L’attribuzione delle ulteriori funzioni alle regioni è subordinata alla definizione dei livelli essenziali delle prestazioni da garantire su tutto il territorio nazionale, senza alcuna garanzia sui relativi tempi. Non c’è alcuna garanzia che i servizi ai cittadini saranno sullo stesso livello.

C'è chi afferma, però, che con l'autonomia differenziata di risorse ce ne saranno sempre di meno...

C’è un tema vero di risorse. La narrazione leghista racconta che ci saranno risorse in più per le regioni, senza però spiegare come. Il rischio, dunque, è quello di rendere ancora più confusi e oscuri i criteri di allocazione delle risorse, sia nei tempi che nei modi.

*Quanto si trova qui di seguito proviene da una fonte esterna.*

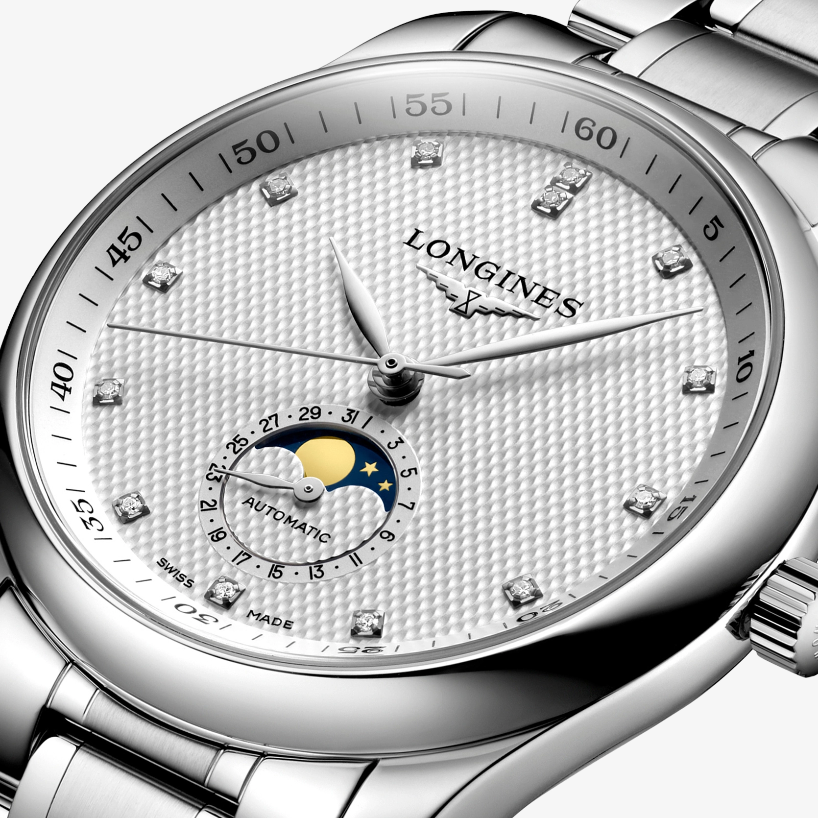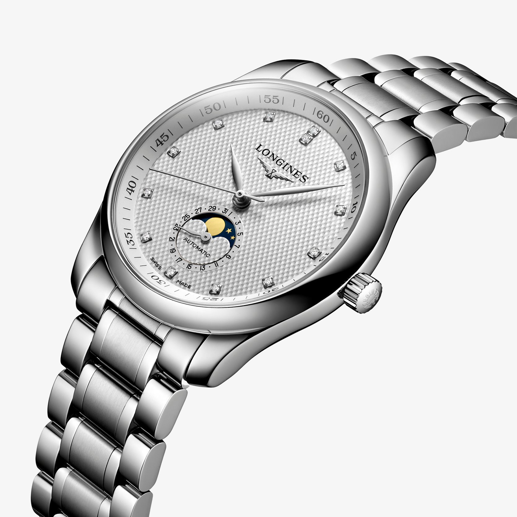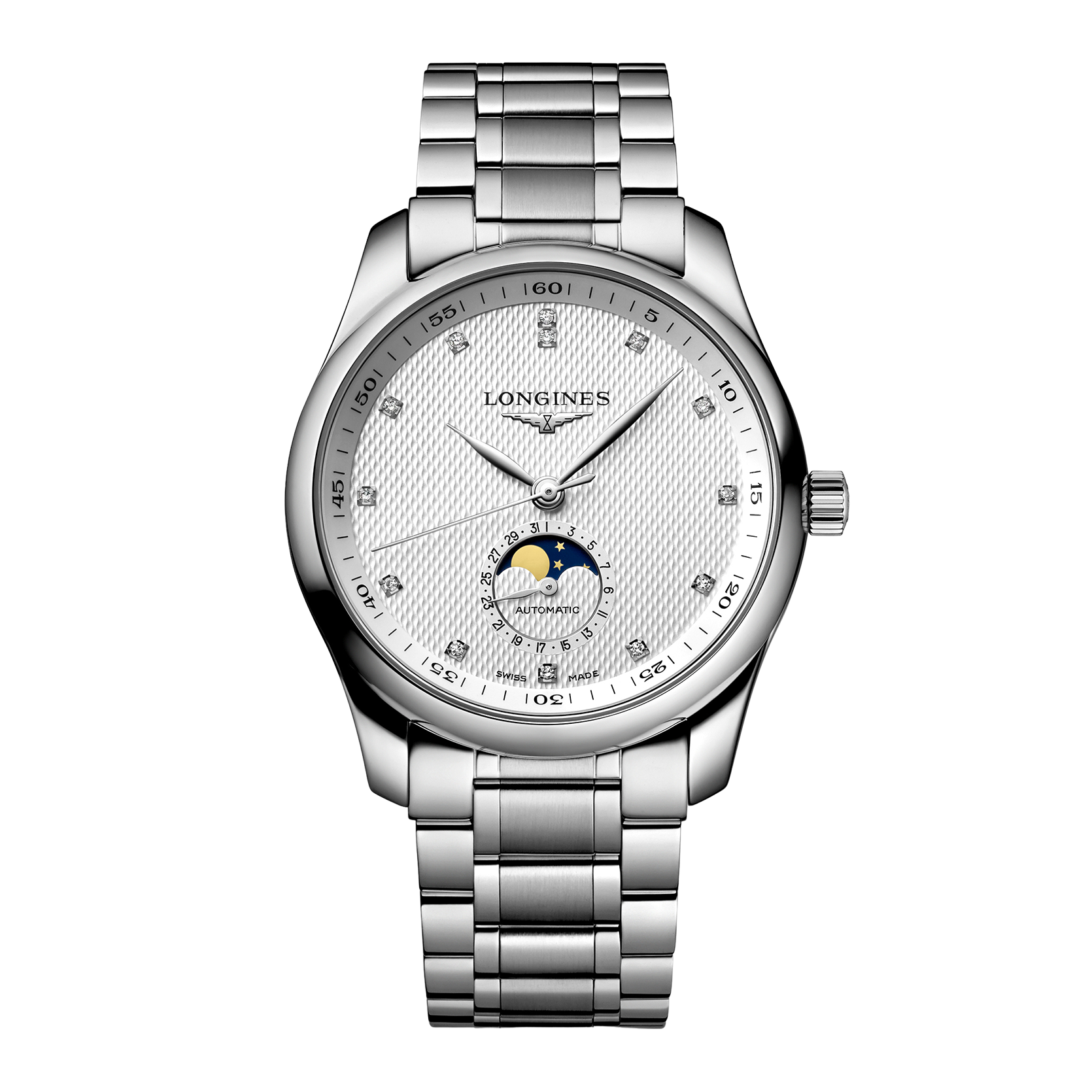 Ref. L2.909.4.77.6 - Mondphase, Mechanisches Uhrwerk mit Automatikaufzug, Frequenz von 25.200 Halbschwingungen pro Stunde, Gangreserve von ca. 72 Stunden. Wasserdicht bis zu einem Druck von 3 bar, Kratzfestes Saphirglas. Zifferblatt: Silber mit Gerstenkorn-Muster. Edelstahl Armband, Mit Dreifach-Sicherheitsfaltschließe und Drückern.

Ma secondo lei bastano questi Lep a garantire diritti di cittadinanza uguali per tutti?

Fissiamo un punto. I LEP dovrebbero garantire la parità dei servizi offerti ai cittadini in tutto il paese, da Nord a Sud. L’effettiva uniformità delle prestazioni dipenderà soprattutto dai finanziamenti che lo Stato sarà in grado di allocare. Oggi il Governo, da qui al 2028, sta tagliando risorse ai comuni e alle province. Di cosa stiamo parlando?

Andando al tema sanità, tema così tanto delicato nel nostro paese, che impatto avrà questa legge proprio sulla sanità?

Il governo Meloni ha più volte dichiarato di avere come modello la sanità Lombarda. Ricordo che in Lombardia, oggi, 1 cittadino su 9 rinuncia alle cure perché non può permettersele. Un divario che si è ampliato negli ultimi 20 anni. Bastarebbe questo per capire cosa accadrà con la loro idea di autonomia: vuoi curarti? Paga.

Trova aspetti critici in questo Ddl? Se è si, quali e perché?

Si, perché aumenterà il divario e apre la strada alla privatizzazione del servizio sanitario.

A conti fatti qual è il vero scopo di questa manovra?

Una scambio elettorale. Alla Lega l’Autonomia – che in 12 anni di Governo non è mai riuscita ad ottenere – e alla Meloni il premierato. Uno scambio che fa il male del Paese.